Cool, what kind is first pic.


----------



## C.L. Boyett (Oct 3, 2016)

Mike1950 said:


> Cool, what kind is first pic.

Reactions: Like 1


----------



## C.L. Boyett (Oct 3, 2016)

It native Elm from Oklahoma.

Reactions: Like 1


----------



## ripjack13 (Oct 3, 2016)

Cameron, you need to figure out the quotes. If you quote someone, try typing under the quote...not in a new reply.

Reactions: Like 1


----------



## ripjack13 (Oct 3, 2016)

C.L. Boyett said:


> It native Elm from Oklahoma.



Like this...


----------



## ripjack13 (Oct 3, 2016)

Are you on a phone, tablet? Or pc?


----------



## C.L. Boyett (Oct 3, 2016)

ripjack13 said:


> Like this...
> 
> View attachment 114426


Right here then. Correct

Reactions: Like 3 | Agree 1


----------



## ripjack13 (Oct 3, 2016)

There ya go! Nicely done....that's it!


----------



## barry richardson (Oct 3, 2016)

Nice looking wood! I loved the bit of elm burl I've had.


----------



## C.L. Boyett (Oct 3, 2016)

ripjack13 said:


> There ya go! Nicely done....that's it!


I'm a bit slow at this stuff. I'm on an I phone 7. Also have an I pad. Without wifi my laptop is worthless. 
Its worthless with me running it anyway. Lol

Reactions: Like 1 | Funny 2


----------



## ripjack13 (Oct 3, 2016)

No problem. We have plenty of time....well, by we, I mean...I do. I have plenty of time. Lol

Reactions: Like 1


----------



## Palaswood (Oct 3, 2016)

AMAZING

Reactions: Thank You! 1


----------



## C.L. Boyett (Oct 3, 2016)

barry richardson said:


> Nice looking wood! I loved the bit of elm burl I've had.
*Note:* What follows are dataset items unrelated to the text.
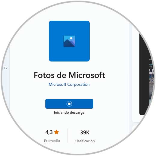 Damos clic en “Obtener” para descargar e instalar la aplicación Fotos: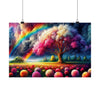 Perfect for those who seek to adorn their space with an image of serenity and awe-inspiring beauty, this poster is not just a decoration, but a portal to a mythical realm. It promises to transform any room, inspiring imagination and offering a daily reminder of the magical moments that lie in the intersection of the natural and the fantastical. Add 'Spectrum Arbor: The Blossom of Chromatic Wonders' to your collection and let your space bloom with the eternal spring of colors.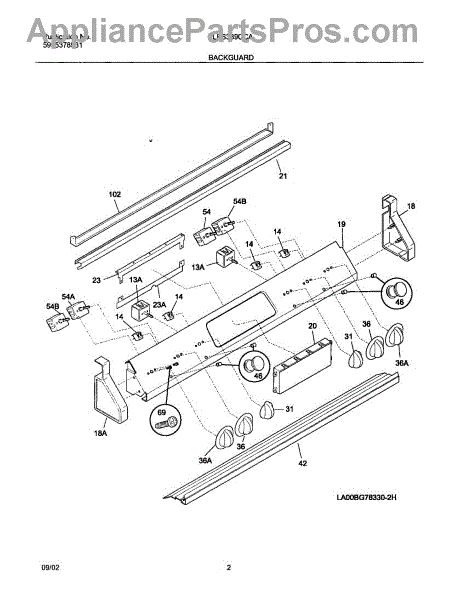 Parts for Frigidaire PLES389CCA: 03 - Backguard Parts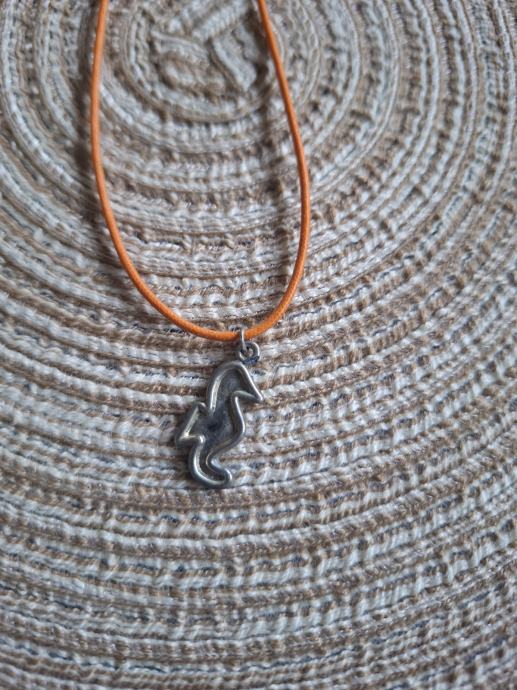 Metalni emajlirani privjesak na kožici. Kožica moze biti narančasta, zelena ili crna, sve po izboru kupca.

I've had this Elm for a year. We've been kind of nervous on what to do with it. We have zero experience working with Burl. Well actually very little wood working experience period. I'm going to learn though.


----------



## DKMD (Oct 3, 2016)

That's beautiful stuff! The eyes always seem to open up on the elm burl I've had, and it looks like you've got the same thing going on with yours... There's nothing you can do about it as far as I know.
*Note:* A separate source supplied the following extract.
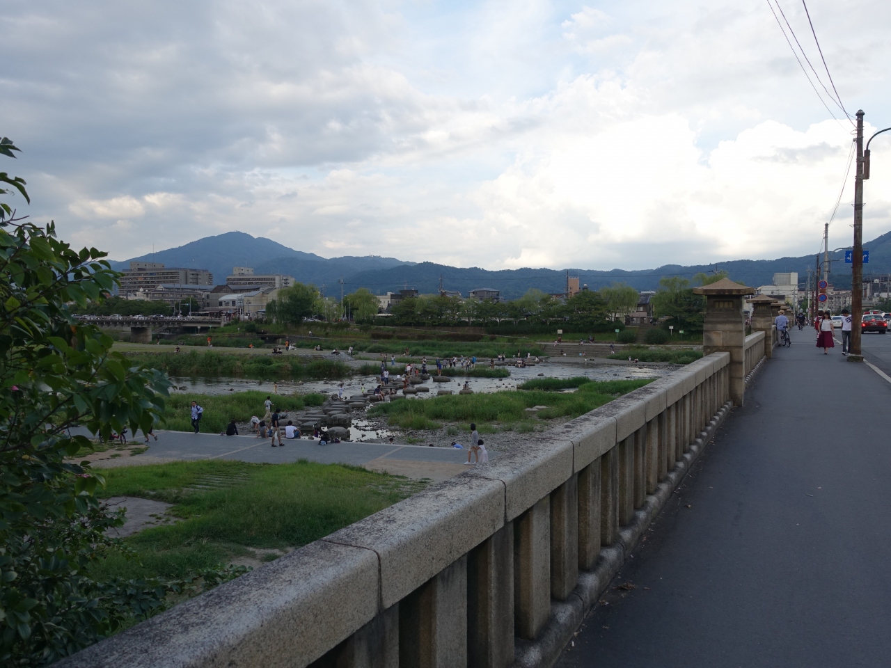 今出川通りが鴨川と交わる部分の橋なので、交通量は多く、橋自体は剛健なコンクリートの橋ですが、ここからの光景は素晴らしいので、是非徒歩で渡りたい橋です。

In my experience, it seems like most burls are easier to dry than the respective straight grain wood.


----------



## C.L. Boyett (Oct 3, 2016)

DKMD said:


> That's beautiful stuff! The eyes always seem to open up on the elm burl I've had, and it looks like you've got the same thing going on with yours... There's nothing you can do about it as far as I know.
> 
> In my experience, it seems like most burls are easier to dry than the respective straight grain wood.


The top pic I believe was air dried. The other large chunk I milled this weekend was dried in my small kiln and it was worse so I'll air dry all burl from now on. My shop has A/C as of this summer. Installed it myself. (Another of my talents) The shrinkage on this Elm is crazy also. I had to shave about a 1/4 inch to get that flat surface.


----------



## DKMD (Oct 3, 2016)

I use a Polish kiln(AKA cardboard box) to slow the drying on most of the blanks I cut.

You're right about the shrinkage with elm... It moves like crazy!

Reactions: Like 1 | Funny 1


----------